### Work request
Your reproduction of the entries should be exact and should contain no pictures.

### Data section

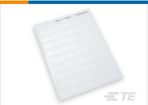
TE Part #9-1768016-1 CSL-06925P-9
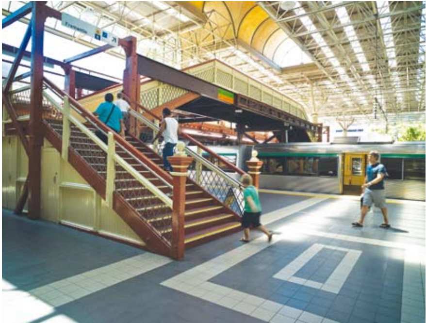
Heritage-listed timber footbridge.

All work will be behind solid fencing and will follow an approved dust management plan.
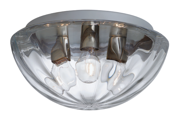
906288C Pinta 15

All dimensions provided are nominal. Allowance must be made for dimensional tolerance in handcrafted glasses.
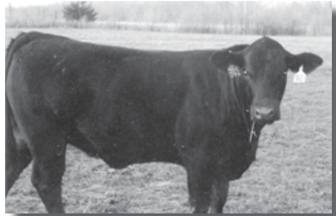
MDRC Thunder 746T - Lot 49
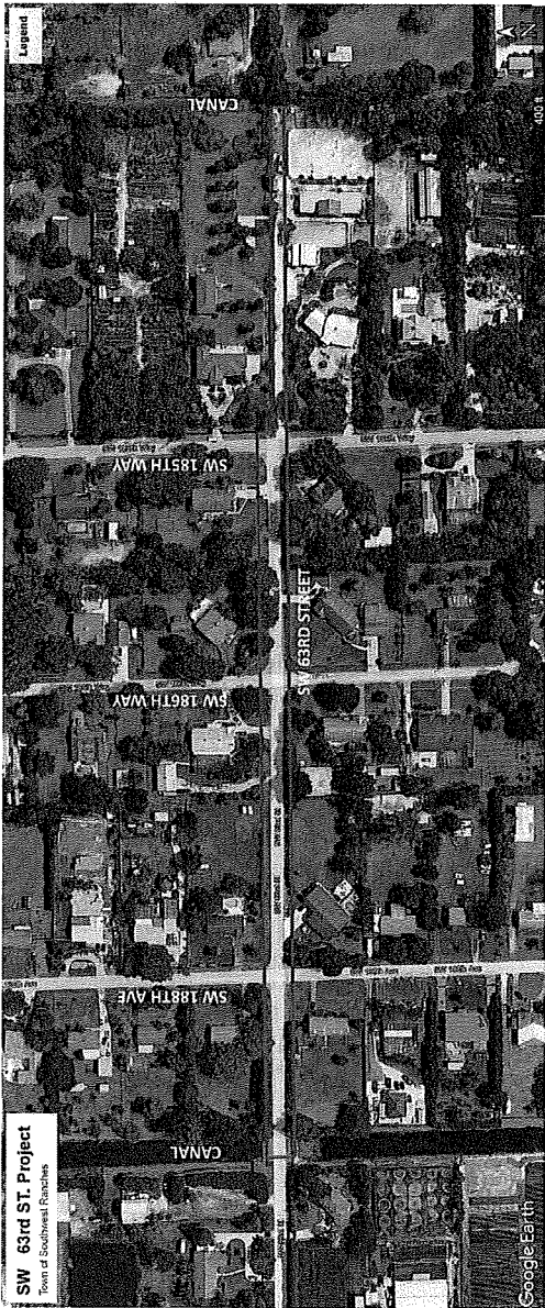
Figure 1: Location map
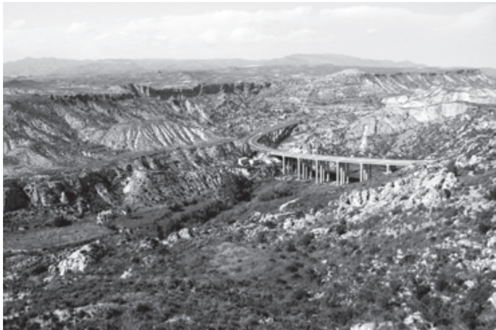
Figure 5 SORBAS GYPSUM KARST NATURAL PARK**

** The sparse scrub vegetation is indicative of the limited surface water. Old gypsum mine working and their spoil heaps can be seen to the left of the modern road bridge.
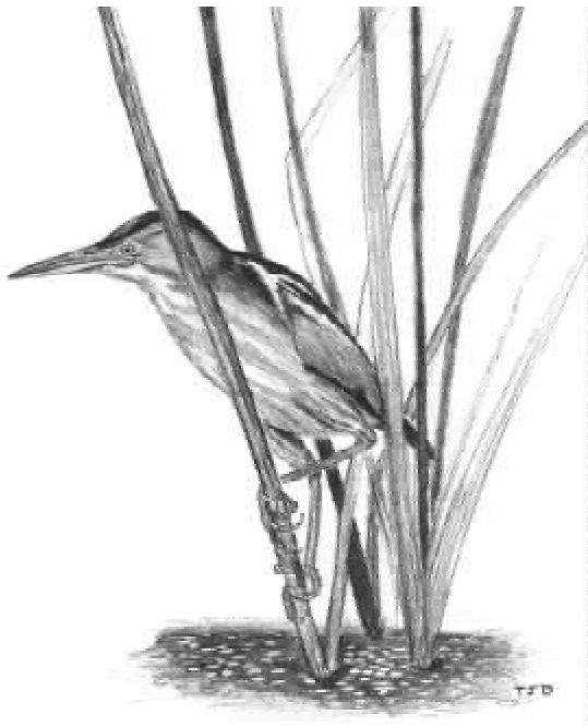
Least Bittern by Thomas J. Danielson

If three points per wetland are surveyed, approximately 100 easily accessible wetlands in a local area or small watershed can be visited three times in a typical field season. Only a fraction of this number of wetlands need be visited to initially develop and calibrate a regional IBI for a single wetland class.
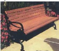
Bench in Little Park
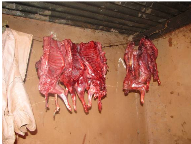
Bush meat found inside a poachers' home in Maktau
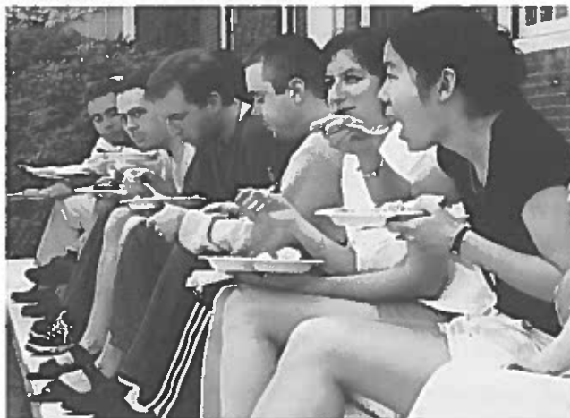
Graduate students on the steps of Paine Hall during the annual department picnic.
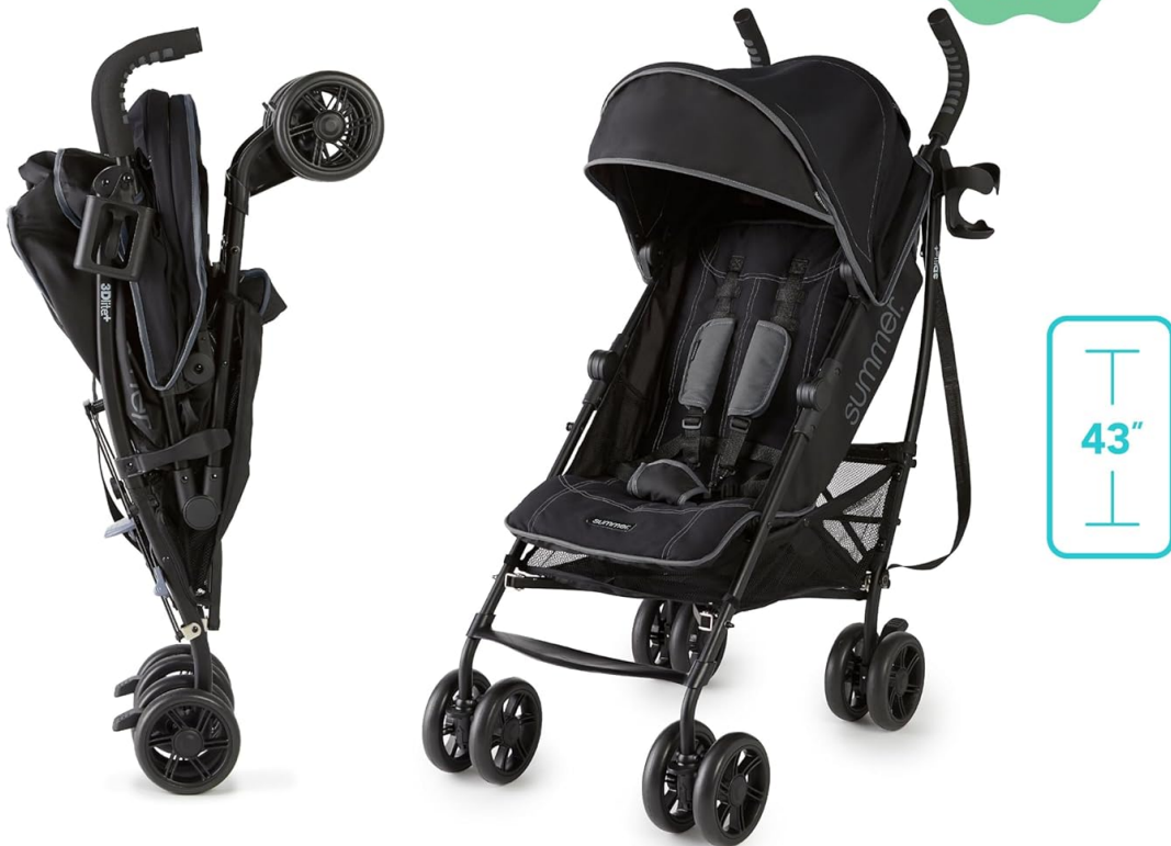
Image: The stroller shown in both its compact folded state and fully unfolded, highlighting its lightweight design and portability.
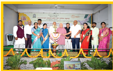
International Seminar-Dept.of Kannada
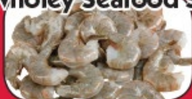
1 lb. pkg. 16/20 Peeled & Deveined Shrimp $8.99 each - $1.00 coupon
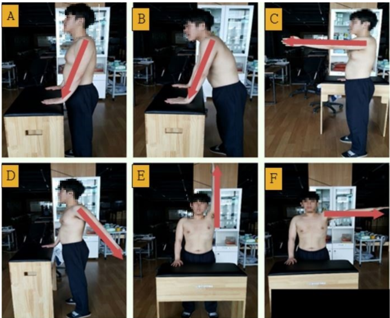
Figure 2. Upper extremity co-ordination exercise. Red arrow means affected side. (A) Bring the scapula to the center and place both hands on the table. (B) Supporting weight on the table. (C) Shoulder protraction of affected side upper limb. (D) Shoulder extension of affected side upper limb. (E) Shoulder flexion of affected side upper. (F) Shoulder abduction of affected side upper limb.

Briefly, participants received 30 minutes of strengthening exercise on UECE in standing posture. Exercise was conducted 3 sessions per week for a total of 4 weeks. Participants in the Control group (SUEE) received 30 minutes of shoulder movement exercise (flexion, extension, abduction, adduction, internal rotation, external rotation) in standing posture. All operations are simple, without special constraints, and allow compensation on the other side. All the participants in both groups received 30 minutes per ses-
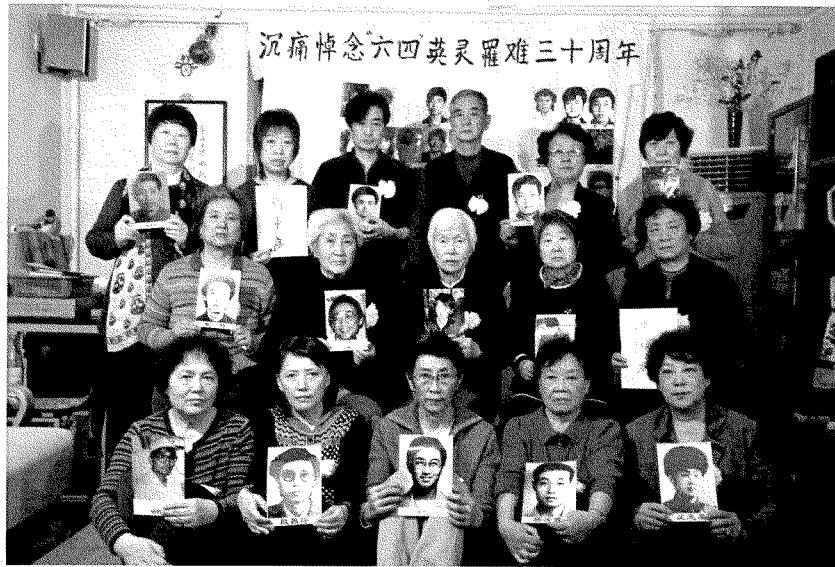
Members of the Tiananmen Mothers with photos of their loved ones killed in June Fourth.

[English Translation by Human Rights in China]
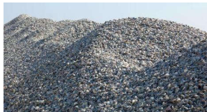
Fig.1 Coarse Aggregate

Coarse-grained mixtures won't tolerate a sieve with 4seventy five metric linear unit openings..Those particles that are preponderantly preserved on the 4.75 mm sieve and can pass through 3-inch screen, are referred to as coarse aggregate. The coarser the aggregate, the additional economical the mix. Larger items provide less area of the particles than identical volume of tiny pieces. Use of the biggest permissible maximum size of coarse aggregate permits a discount in cement and water requirements. exploitation aggregates larger than the utmost size of coarse aggregates permissible may end up in interlock and type arches or obstructions inside a concrete form. that enables the world below to become a void, or at best, to become crammed with finer particles of sand and cement solely and results during a weakened area. they're shown in fig.1 For Coarse Aggregates in Roads following properties are desirable Strength
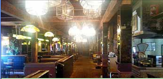
154 seats (ample room for more), 14-seat bar, 136 LLBO
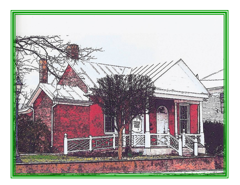
P.O. Box 465 Union, West Virginia 24983
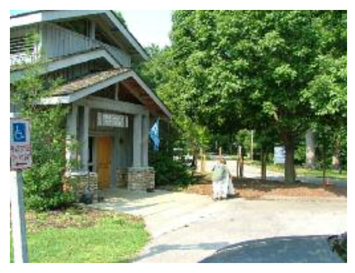
Figure 21-Discovery Center (left) and pathway to zoo (on right)

When visitors park at the Zoo, it is not very clear where to buy tickets or access the zoo. According to City of Roanoke Parks staff, many zoo visitors enter the "Discovery Center" to buy tickets, but the center is not associated with the zoo. This issue should be examined and resolved by better pedestrian signage or relocation of the zoo ticket office. The directions on the Zoo's website are also incorrect.
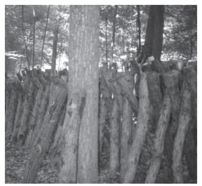
Figure 6. Teepee method of stacking logs.

(Figure 8), where the logs are laid close to the ground, but on a clean surface such as gravel, not directly in contact with the soil. Other stacking methods include teepee stacking (Figure 6) and log-cabin stacking (Figure 7), where the logs are stacked higher off the ground. Placing the logs on a gravel bed (which could be laid down over fabric) and up on two or more base logs, or a recycled pallet will make it easier to keep water (and therefore good conditions for contamination) off the bottom logs. Logs should be moved around within the stacks several times during the incubation period. If mold appears on the logs, the logs need to be re-stacked more openly to improve air circulation so that further mold growth will be discouraged.

### Solution for this exercise
TE Part #9-1768016-1 CSL-06925P-9
Heritage-listed timber footbridge.

All work will be behind solid fencing and will follow an approved dust management plan.
906288C Pinta 15

All dimensions provided are nominal. Allowance must be made for dimensional tolerance in handcrafted glasses.
MDRC Thunder 746T - Lot 49
Figure 1: Location map
Figure 5 SORBAS GYPSUM KARST NATURAL PARK**

** The sparse scrub vegetation is indicative of the limited surface water. Old gypsum mine working and their spoil heaps can be seen to the left of the modern road bridge.
Least Bittern by Thomas J. Danielson

If three points per wetland are surveyed, approximately 100 easily accessible wetlands in a local area or small watershed can be visited three times in a typical field season. Only a fraction of this number of wetlands need be visited to initially develop and calibrate a regional IBI for a single wetland class.
Bench in Little Park
Bush meat found inside a poachers' home in Maktau
Graduate students on the steps of Paine Hall during the annual department picnic.
Image: The stroller shown in both its compact folded state and fully unfolded, highlighting its lightweight design and portability.
International Seminar-Dept.of Kannada
1 lb. pkg. 16/20 Peeled & Deveined Shrimp $8.99 each - $1.00 coupon
Figure 2. Upper extremity co-ordination exercise. Red arrow means affected side. (A) Bring the scapula to the center and place both hands on the table. (B) Supporting weight on the table. (C) Shoulder protraction of affected side upper limb. (D) Shoulder extension of affected side upper limb. (E) Shoulder flexion of affected side upper. (F) Shoulder abduction of affected side upper limb.

Briefly, participants received 30 minutes of strengthening exercise on UECE in standing posture. Exercise was conducted 3 sessions per week for a total of 4 weeks. Participants in the Control group (SUEE) received 30 minutes of shoulder movement exercise (flexion, extension, abduction, adduction, internal rotation, external rotation) in standing posture. All operations are simple, without special constraints, and allow compensation on the other side. All the participants in both groups received 30 minutes per ses-
Members of the Tiananmen Mothers with photos of their loved ones killed in June Fourth.

[English Translation by Human Rights in China]
Fig.1 Coarse Aggregate

Coarse-grained mixtures won't tolerate a sieve with 4seventy five metric linear unit openings..Those particles that are preponderantly preserved on the 4.75 mm sieve and can pass through 3-inch screen, are referred to as coarse aggregate. The coarser the aggregate, the additional economical the mix. Larger items provide less area of the particles than identical volume of tiny pieces. Use of the biggest permissible maximum size of coarse aggregate permits a discount in cement and water requirements. exploitation aggregates larger than the utmost size of coarse aggregates permissible may end up in interlock and type arches or obstructions inside a concrete form. that enables the world below to become a void, or at best, to become crammed with finer particles of sand and cement solely and results during a weakened area. they're shown in fig.1 For Coarse Aggregates in Roads following properties are desirable Strength
154 seats (ample room for more), 14-seat bar, 136 LLBO
P.O. Box 465 Union, West Virginia 24983
Figure 21-Discovery Center (left) and pathway to zoo (on right)

When visitors park at the Zoo, it is not very clear where to buy tickets or access the zoo. According to City of Roanoke Parks staff, many zoo visitors enter the "Discovery Center" to buy tickets, but the center is not associated with the zoo. This issue should be examined and resolved by better pedestrian signage or relocation of the zoo ticket office. The directions on the Zoo's website are also incorrect.
Figure 6. Teepee method of stacking logs.

(Figure 8), where the logs are laid close to the ground, but on a clean surface such as gravel, not directly in contact with the soil. Other stacking methods include teepee stacking (Figure 6) and log-cabin stacking (Figure 7), where the logs are stacked higher off the ground. Placing the logs on a gravel bed (which could be laid down over fabric) and up on two or more base logs, or a recycled pallet will make it easier to keep water (and therefore good conditions for contamination) off the bottom logs. Logs should be moved around within the stacks several times during the incubation period. If mold appears on the logs, the logs need to be re-stacked more openly to improve air circulation so that further mold growth will be discouraged.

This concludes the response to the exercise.